◆ **How to complete this task**: Only the pictures are to be omitted; everything else in the listing must be reproduced exactly.

[Opening Given data section]

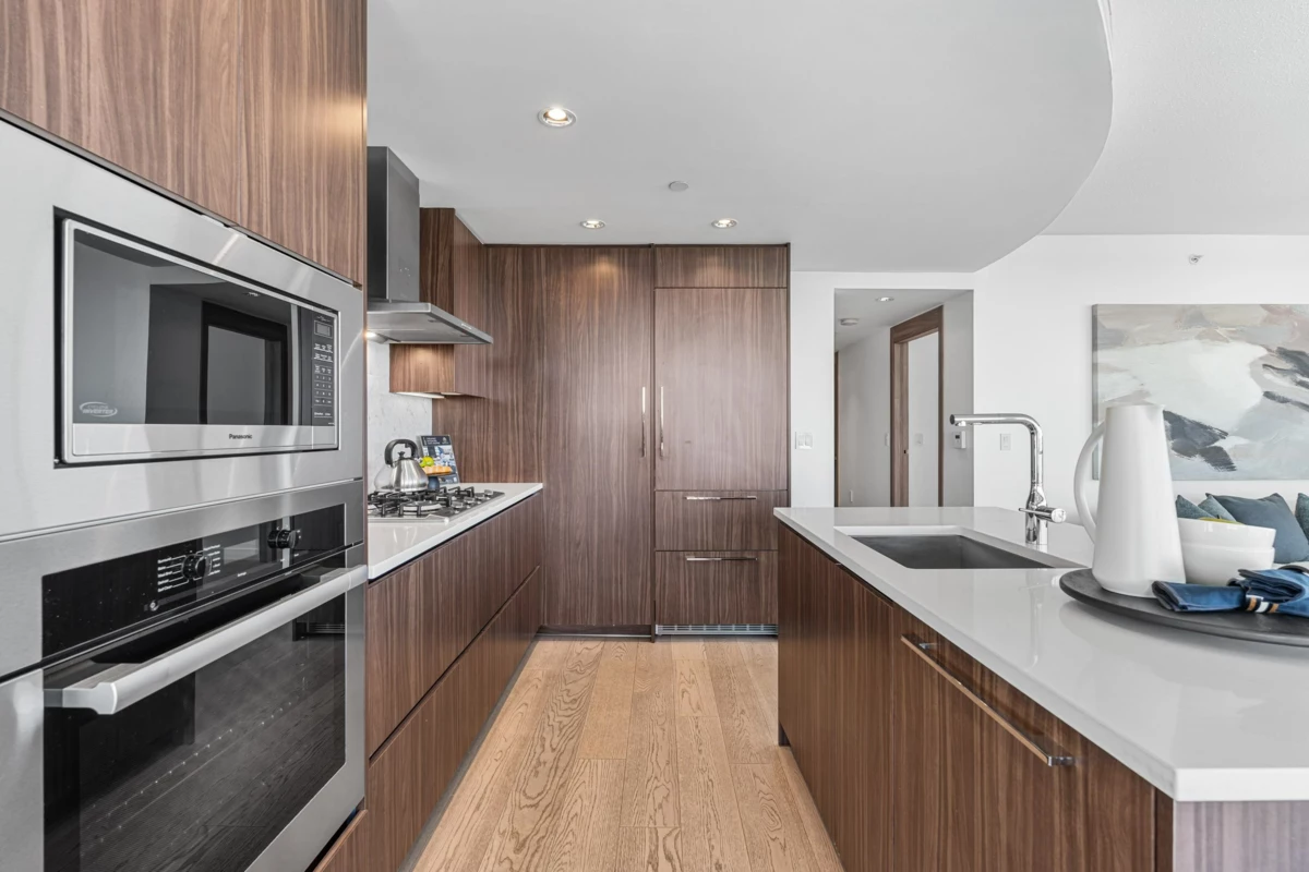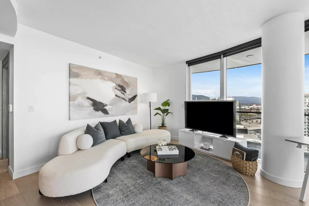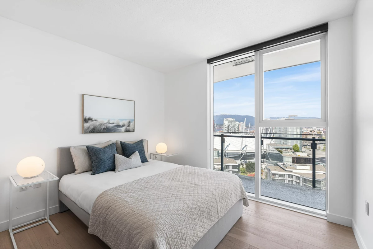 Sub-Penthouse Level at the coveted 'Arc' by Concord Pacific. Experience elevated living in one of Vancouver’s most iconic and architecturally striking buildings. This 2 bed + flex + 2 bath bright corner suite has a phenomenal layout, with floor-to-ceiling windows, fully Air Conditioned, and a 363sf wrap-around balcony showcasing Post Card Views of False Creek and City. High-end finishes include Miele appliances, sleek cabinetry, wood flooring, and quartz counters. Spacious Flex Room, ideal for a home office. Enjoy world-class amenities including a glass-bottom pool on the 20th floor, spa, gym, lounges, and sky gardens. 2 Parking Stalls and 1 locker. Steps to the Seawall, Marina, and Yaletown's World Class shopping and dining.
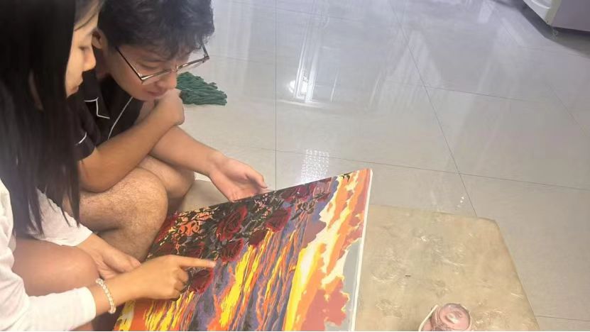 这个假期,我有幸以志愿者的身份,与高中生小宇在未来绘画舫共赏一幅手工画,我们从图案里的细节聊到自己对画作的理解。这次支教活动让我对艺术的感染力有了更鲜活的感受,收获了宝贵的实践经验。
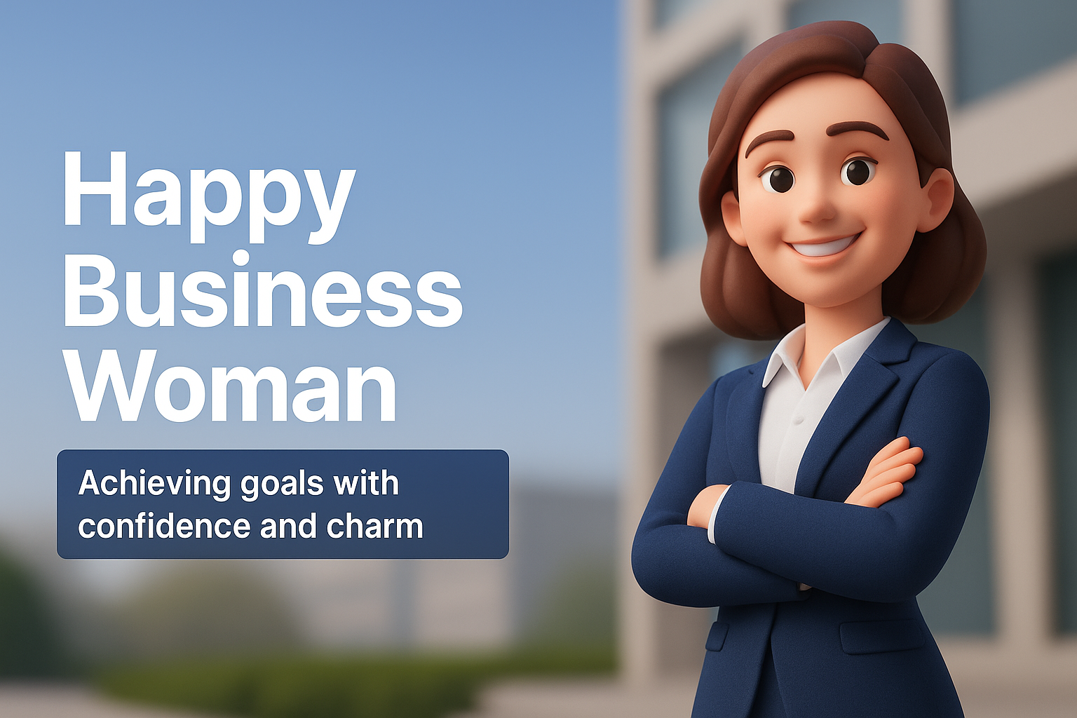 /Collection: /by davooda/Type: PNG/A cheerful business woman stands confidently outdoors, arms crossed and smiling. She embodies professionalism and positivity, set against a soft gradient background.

[Closing Given data section]

◆ **Completed exercise**:
 Sub-Penthouse Level at the coveted 'Arc' by Concord Pacific. Experience elevated living in one of Vancouver’s most iconic and architecturally striking buildings. This 2 bed + flex + 2 bath bright corner suite has a phenomenal layout, with floor-to-ceiling windows, fully Air Conditioned, and a 363sf wrap-around balcony showcasing Post Card Views of False Creek and City. High-end finishes include Miele appliances, sleek cabinetry, wood flooring, and quartz counters. Spacious Flex Room, ideal for a home office. Enjoy world-class amenities including a glass-bottom pool on the 20th floor, spa, gym, lounges, and sky gardens. 2 Parking Stalls and 1 locker. Steps to the Seawall, Marina, and Yaletown's World Class shopping and dining.
 这个假期,我有幸以志愿者的身份,与高中生小宇在未来绘画舫共赏一幅手工画,我们从图案里的细节聊到自己对画作的理解。这次支教活动让我对艺术的感染力有了更鲜活的感受,收获了宝贵的实践经验。
 /Collection: /by davooda/Type: PNG/A cheerful business woman stands confidently outdoors, arms crossed and smiling. She embodies professionalism and positivity, set against a soft gradient background.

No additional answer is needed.